Starting with the first line of the listing, quote each line exactly until and including the one with "Cinque sedie con", leaving pictures out.
*** INFORMATION PROVIDED
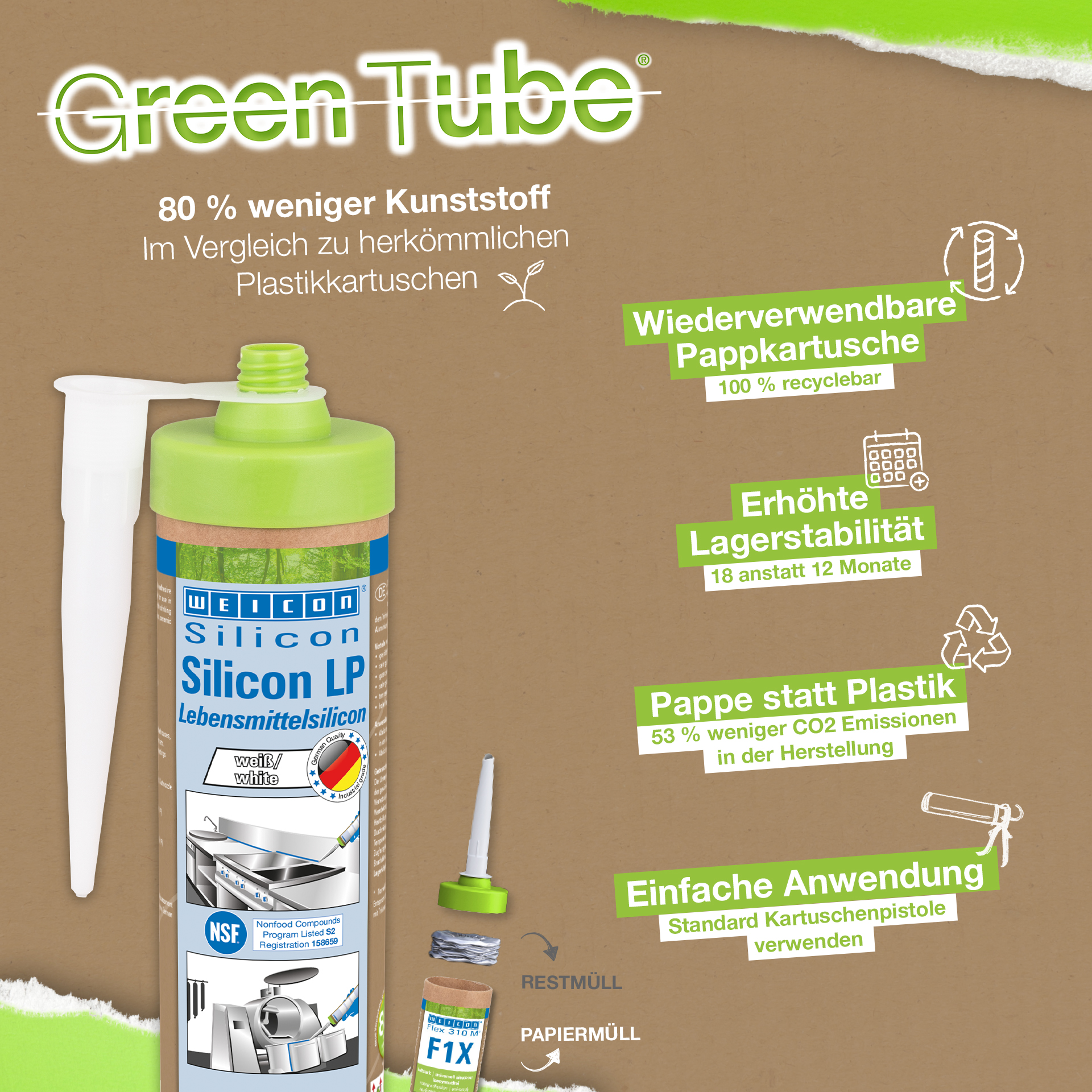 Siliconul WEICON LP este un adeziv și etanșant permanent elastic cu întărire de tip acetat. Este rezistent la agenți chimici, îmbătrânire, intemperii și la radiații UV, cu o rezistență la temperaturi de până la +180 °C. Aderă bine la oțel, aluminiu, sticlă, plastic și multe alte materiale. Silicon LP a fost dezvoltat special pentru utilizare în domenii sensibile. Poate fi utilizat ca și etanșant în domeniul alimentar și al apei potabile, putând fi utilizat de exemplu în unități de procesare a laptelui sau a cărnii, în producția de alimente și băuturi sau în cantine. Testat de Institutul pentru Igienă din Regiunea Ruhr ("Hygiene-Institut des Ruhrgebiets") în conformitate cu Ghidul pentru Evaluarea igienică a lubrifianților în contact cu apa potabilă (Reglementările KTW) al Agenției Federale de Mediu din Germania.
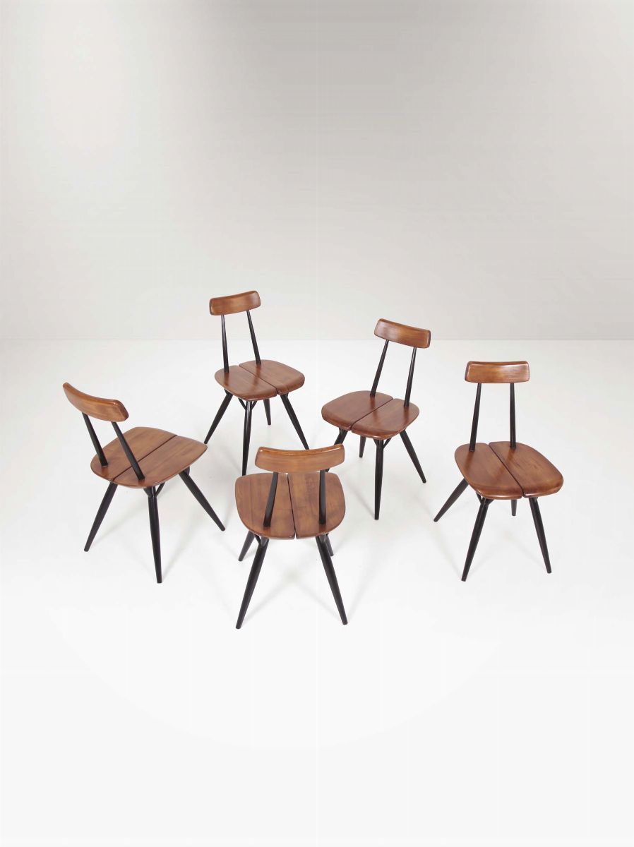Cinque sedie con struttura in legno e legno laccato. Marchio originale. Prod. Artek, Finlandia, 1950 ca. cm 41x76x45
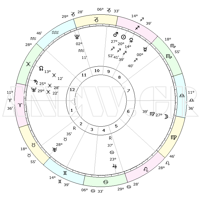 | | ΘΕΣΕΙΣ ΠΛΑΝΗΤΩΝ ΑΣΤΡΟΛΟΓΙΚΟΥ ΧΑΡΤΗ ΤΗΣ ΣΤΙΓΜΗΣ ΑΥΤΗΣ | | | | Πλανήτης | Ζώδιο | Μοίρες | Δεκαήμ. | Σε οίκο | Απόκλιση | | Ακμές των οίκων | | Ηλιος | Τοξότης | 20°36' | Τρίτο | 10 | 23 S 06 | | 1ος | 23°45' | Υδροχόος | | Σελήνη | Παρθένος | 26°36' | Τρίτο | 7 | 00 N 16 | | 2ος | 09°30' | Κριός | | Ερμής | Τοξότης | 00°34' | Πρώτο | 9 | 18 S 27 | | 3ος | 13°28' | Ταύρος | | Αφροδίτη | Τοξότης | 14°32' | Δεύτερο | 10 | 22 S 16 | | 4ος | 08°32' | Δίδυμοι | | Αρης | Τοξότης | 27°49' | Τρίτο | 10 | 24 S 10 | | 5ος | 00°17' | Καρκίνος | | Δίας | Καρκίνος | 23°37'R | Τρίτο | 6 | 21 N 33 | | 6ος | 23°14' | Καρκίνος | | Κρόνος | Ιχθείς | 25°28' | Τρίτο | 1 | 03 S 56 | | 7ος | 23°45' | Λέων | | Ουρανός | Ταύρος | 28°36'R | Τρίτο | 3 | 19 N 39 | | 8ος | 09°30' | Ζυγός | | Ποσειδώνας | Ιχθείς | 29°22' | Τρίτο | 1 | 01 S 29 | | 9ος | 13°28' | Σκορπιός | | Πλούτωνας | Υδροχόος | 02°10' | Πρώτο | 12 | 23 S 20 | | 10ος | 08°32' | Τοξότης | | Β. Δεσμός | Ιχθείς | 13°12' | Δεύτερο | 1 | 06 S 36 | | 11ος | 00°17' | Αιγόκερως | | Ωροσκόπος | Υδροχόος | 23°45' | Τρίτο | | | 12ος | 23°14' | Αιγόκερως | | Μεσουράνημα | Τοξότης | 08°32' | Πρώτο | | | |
******
• **RESPONSE TO THE TASK**
 Siliconul WEICON LP este un adeziv și etanșant permanent elastic cu întărire de tip acetat. Este rezistent la agenți chimici, îmbătrânire, intemperii și la radiații UV, cu o rezistență la temperaturi de până la +180 °C. Aderă bine la oțel, aluminiu, sticlă, plastic și multe alte materiale. Silicon LP a fost dezvoltat special pentru utilizare în domenii sensibile. Poate fi utilizat ca și etanșant în domeniul alimentar și al apei potabile, putând fi utilizat de exemplu în unități de procesare a laptelui sau a cărnii, în producția de alimente și băuturi sau în cantine. Testat de Institutul pentru Igienă din Regiunea Ruhr ("Hygiene-Institut des Ruhrgebiets") în conformitate cu Ghidul pentru Evaluarea igienică a lubrifianților în contact cu apa potabilă (Reglementările KTW) al Agenției Federale de Mediu din Germania.
Cinque sedie con struttura in legno e legno laccato. Marchio originale. Prod. Artek, Finlandia, 1950 ca. cm 41x76x45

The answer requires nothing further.